▸ **PROVIDED MATERIAL**:
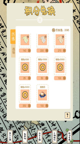 通过积累历练可以在积分兑换界面换取金币或者武学,零氪微氪玩家建议只换金币,武学主要靠娃游玩带回来。竞技场要注意每天有幸运数字,占一个幸运数字比一直往上爬要划算很多。
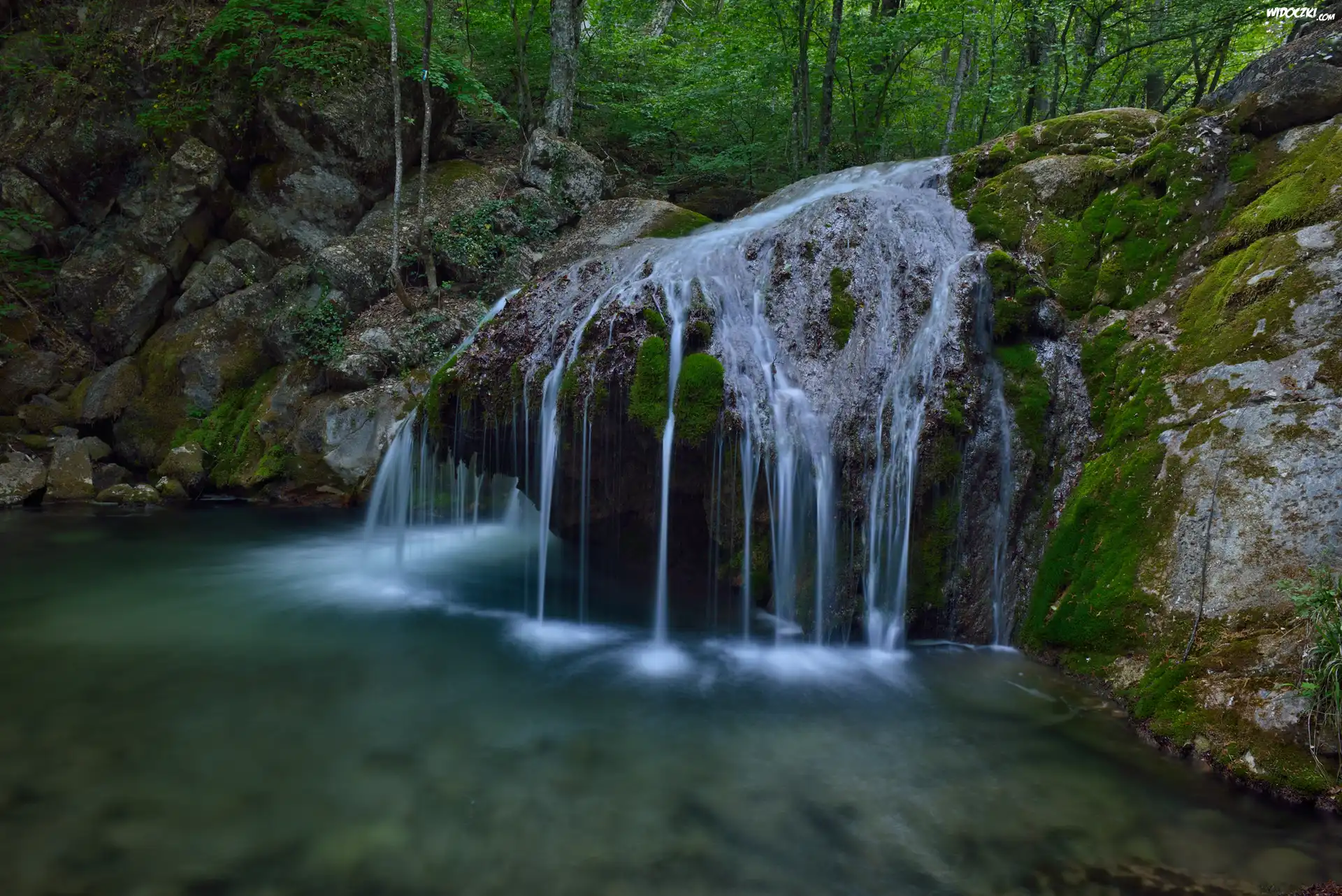 Zdjęcia, Las, Skały, Drzewa, Wodospad, Rzeka
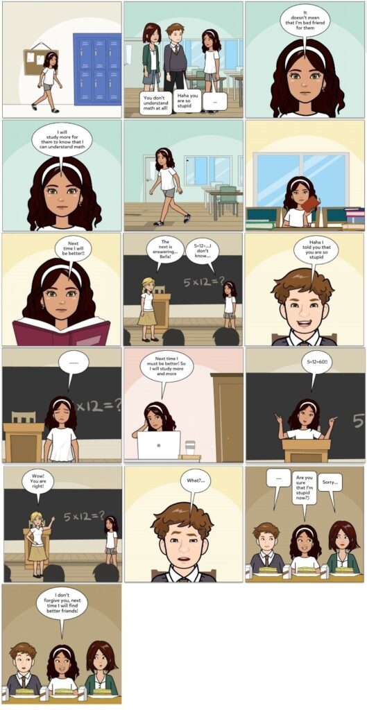 Цього року, обговорюючи тему булінгу, ми вирішили створити комікси. Я запропонувала цю ідею дітям, і учні підхопили її. Адже робота над коміксами – це не лише цікаво та незвично. Така діяльність розвиває творчі здібності, збільшує словниковий запас і допомагає позбутися розмовного бар’єру. Кожен обирає собі техніку створення коміксів за своїми інтересами. Хтось малював, хтось створював за комп’ютерною програмою, але кожен представляв роботу із задоволенням, бо це його творчість та праця. Робота стовідсотково дозволила збільшити словниковий запас і допомогла позбутися розмовного бар’єру.
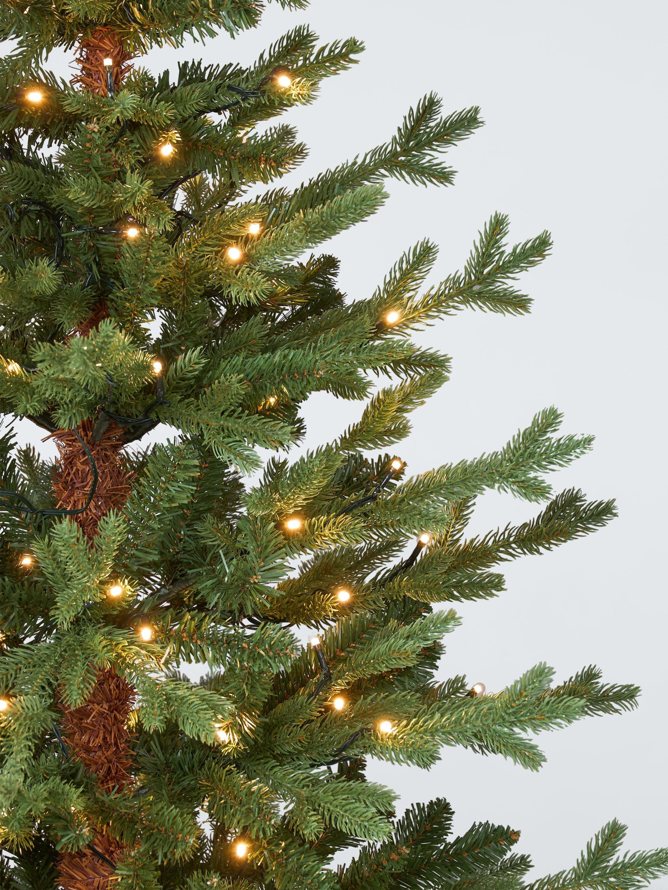An artificial Christmas tree with green branches and lit with 150 pure white LED lights. Mains lit, it can be used indoors or outdoors in a sheltered space, such as a covered porch.

▸ **PROBLEM STATEMENT**: All the lines above should be reproduced exactly, and none of the pictures.

▸ **EXERCISE SOLUTION**:
 通过积累历练可以在积分兑换界面换取金币或者武学,零氪微氪玩家建议只换金币,武学主要靠娃游玩带回来。竞技场要注意每天有幸运数字,占一个幸运数字比一直往上爬要划算很多。
 Zdjęcia, Las, Skały, Drzewa, Wodospad, Rzeka
 Цього року, обговорюючи тему булінгу, ми вирішили створити комікси. Я запропонувала цю ідею дітям, і учні підхопили її. Адже робота над коміксами – це не лише цікаво та незвично. Така діяльність розвиває творчі здібності, збільшує словниковий запас і допомагає позбутися розмовного бар’єру. Кожен обирає собі техніку створення коміксів за своїми інтересами. Хтось малював, хтось створював за комп’ютерною програмою, але кожен представляв роботу із задоволенням, бо це його творчість та праця. Робота стовідсотково дозволила збільшити словниковий запас і допомогла позбутися розмовного бар’єру.
An artificial Christmas tree with green branches and lit with 150 pure white LED lights. Mains lit, it can be used indoors or outdoors in a sheltered space, such as a covered porch.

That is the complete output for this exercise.